Dragonfly wings can flap with very high amplitude and frequency during movement. (Illustration photo).

The movement of dragonfly wings is also widely used in robotics . Scientists take inspiration from dragonflies and imitate their unique movements to design robots that can fly efficiently and maintain stability. These biorobots play an important role in areas such as rescue operations, surveillance, and reconnaissance, providing greater convenience and safety for humans.

Although the way the dragonfly moves its wings is unique, scientists are still working hard to study and replicate it. By studying the anatomy and movement of dragonfly wings in depth, we can find more innovative ideas and techniques to optimize robot design and improve flight technology.

Flapping wing mechanism manufacturing technology has not met expectations.

Traditional materials such as metals and plastics often present limitations in the design of complex flapping mechanisms. They can be too heavy, not stiff enough, or cause friction and energy loss. At the same time, current manufacturing processes cannot meet the needs of manufacturing small and complex flapping structures. These limitations make it difficult to create an effective flapping mechanism.

The technology to control the flapping mechanism is also a challenge. (Illustration photo).

Flapping wing control technology is also a challenge. Flapping wing motion requires precise control to achieve stable flight and maneuverability. However, current control technology often fails to meet the requirements of complex wing control mechanisms. To achieve efficient flight, flapping mechanisms need to be able to quickly and accurately adjust the angle and speed of the wings. This requires advanced control algorithms and precise sensor technology, but current technology cannot fully meet these requirements.

The durability of flapping mechanisms is also an issue. One of the goals of bioengineering research is to create long-lasting flapping mechanisms that enable reliable flight. However, current materials and fabrication techniques are not yet able to meet the long-term operational requirements of flapping wing mechanisms. Challenges facing flapping wing mechanisms include fatigue and material loss, as well as structural weaknesses and components that are susceptible to failure during manufacturing.

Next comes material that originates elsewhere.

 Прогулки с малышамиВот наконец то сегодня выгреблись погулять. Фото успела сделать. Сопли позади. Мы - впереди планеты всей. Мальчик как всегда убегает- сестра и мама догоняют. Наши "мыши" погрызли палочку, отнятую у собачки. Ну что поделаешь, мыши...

Current materials and manufacturing technology do not meet the long-term operating requirements of flapping wing mechanisms. (Illustration photo).

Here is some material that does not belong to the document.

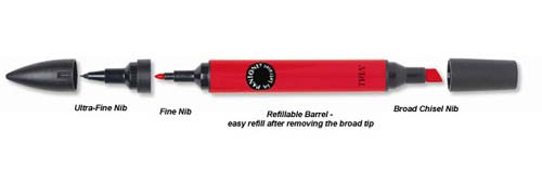 [2] It is a challenge to purchase the old style triple nib markers. Here is one source: AOE Artworld.

The practical applications of the dragonfly aircraft are limited and may not be of practical significance.

Limitation 1: Each flap of a dragonfly's wings costs a lot of energy. Dragonflies have a large number of muscles in their bodies that allow them to flap their wings rapidly. However, in the field of robotics, achieving similar flutter speeds requires a large amount of electricity. Current power technologies have yet to provide lightweight, efficient batteries or other power solutions, so the practicality of dragonfly aircraft is severely limited.

Limitation 2: The stability of the dragonfly aircraft is another challenge. Dragonflies can maintain stability by adjusting the shape and angle of their wings during flight. However, in the case of robots, it is not easy to accurately mimic the flight posture of dragonflies. Current robotic technology still needs to be improved in terms of complex aerodynamics and attitude control, which makes the application of dragonfly aircraft in practice difficult.

The practicality of the dragonfly aircraft is severely limited. (Illustration photo).

Limitation 3: The body structure of a dragonfly is very delicate and can carry its body, wings, sensors, etc. lightly. However, turning this fragile structure into a robot is a huge challenge. Current technology cannot yet reproduce similar dimensions and payloads, which limits the practical application of dragonfly aircraft.